Your instructions: From the line that contains "今回は、期間限定メニュー「旨" down to the final line of the listing below, set down every line exactly, both ends included, and drop the pictures.
The records below:
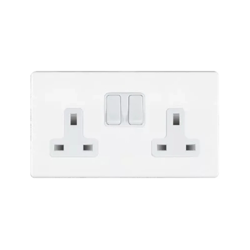 Socket 2 Gang Switched 13A 145 x 86mm Bright White White Insert
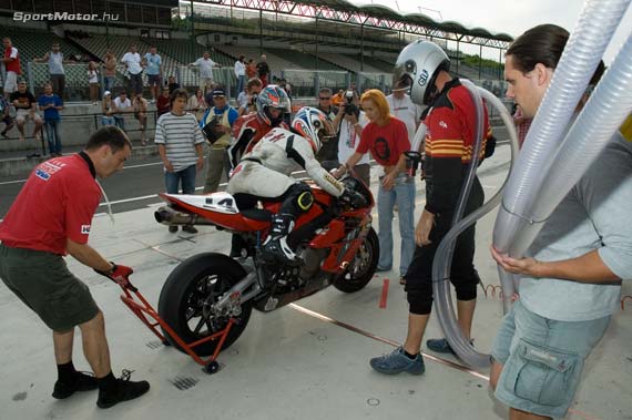 Székely nagy tervekkel érkezett a Hungaroringre. Az Alpok-Adria bajnoki tabellán a második helyen tanyázó Székelynek húznia kellett a gázt, ha közelíteni akart az élen álló osztrák Wolfgang Kerbl-höz. Arról nem is beszélve, hogy Lukaseder és Pintar is támadták hátulról. A hétvégét boxépítéssel kezdte, hogy a kilátogató barátok és a sajtó képviselői ne egy olajos szerszámokkal teli, rendezetlen boxba érkezzenek. Csütörtökön a szabadedzésekkel kezdődött a hétvége. Mint tudjátok, ilyenkor még nem kategóriák szerint edzenek a versenyzők, hanem két csoportban lehet a pályára gurulni. Székely utolsó tréningjén a cél előtti utolsó balosban nagy tempókülönbséggel ért utol néhány lassabb versenyzőt. Hogy elkerülje az ütközést, nagyot kellett fékeznie, a motor irányíthatatlanná vált és elesett. A Hondán, a lábtartón és az idomzaton kívül komolyabban semmi sem sérült, de Zsolt beütötte a vállát. Próbáltunk jeget szerezni a sérült „alkatrészre”, de sehol nem jutottunk hozzá, így kénytelenek voltunk beérni, egy hűtött üveges Colával. Másnapra a fájdalom enyhült és lehetett a kvalifikációs edzésekre koncentrálni. Az első hivatalos időmérőn mindössze 0,124 ezreddel maradt el Székely ideje Kerbl legjobbjától. A szombati időmérőre még komolyabban készült a csapat és a siker nem maradt el. Majd egy másodperccel jobb időt futott az osztráknál, aki ráadásul az edzés vége felé bukott.
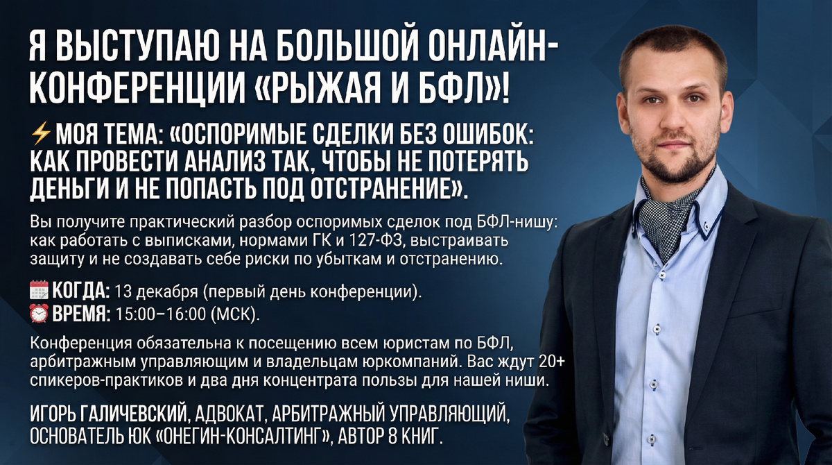 С уважением, Игорь Галичевский, адвокат, арбитражный управляющий, основатель ЮК «Онегин‑Консалтинг», автор 8 книг.
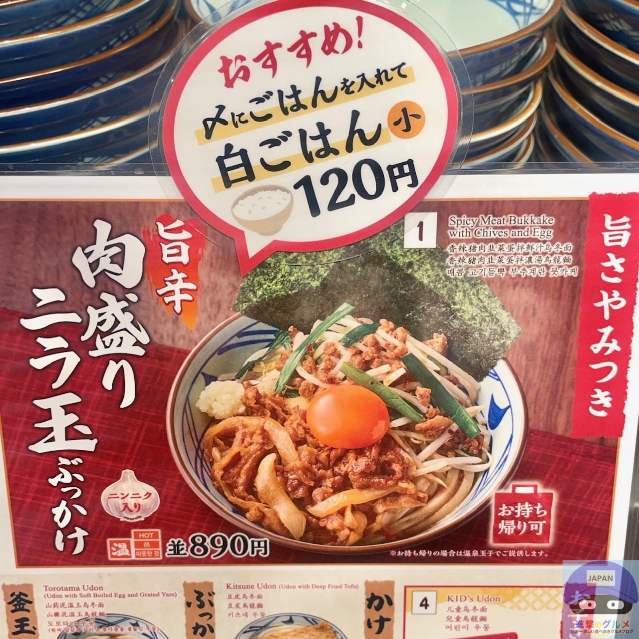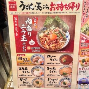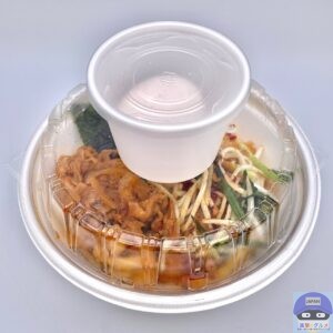 今回は、期間限定メニュー「旨辛 肉盛りニラ玉ぶっかけうどん・並(890円)」、「容器代(+50円)」を注文してテイクアウトしました。
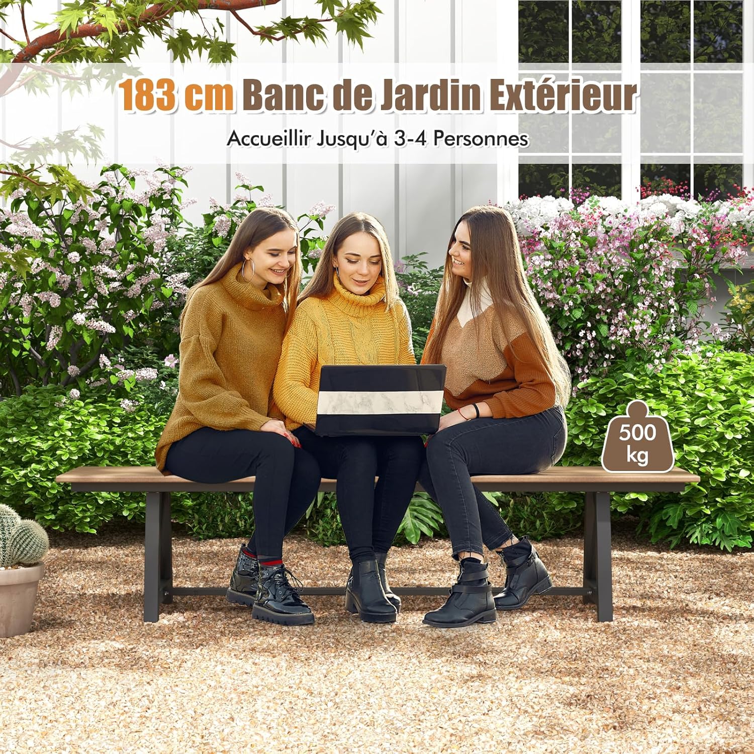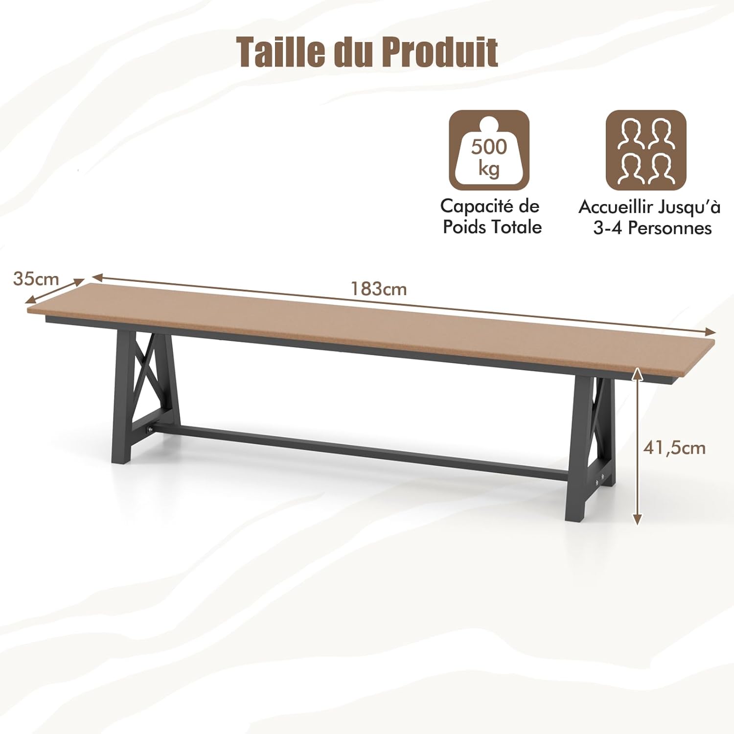 - Banc de Jardin Extérieur de 183 cm : Assez spacieux pour accueillir confortablement jusqu'à 3-4 personnes, ce banc de 183 cm de long est parfait pour recevoir des invités ou profiter d'un moment paisible seul. Il supporte jusqu'à 500 kg, ce qui en fait un choix fiable.
End of The records.
Expected output:
 今回は、期間限定メニュー「旨辛 肉盛りニラ玉ぶっかけうどん・並(890円)」、「容器代(+50円)」を注文してテイクアウトしました。
 - Banc de Jardin Extérieur de 183 cm : Assez spacieux pour accueillir confortablement jusqu'à 3-4 personnes, ce banc de 183 cm de long est parfait pour recevoir des invités ou profiter d'un moment paisible seul. Il supporte jusqu'à 500 kg, ce qui en fait un choix fiable.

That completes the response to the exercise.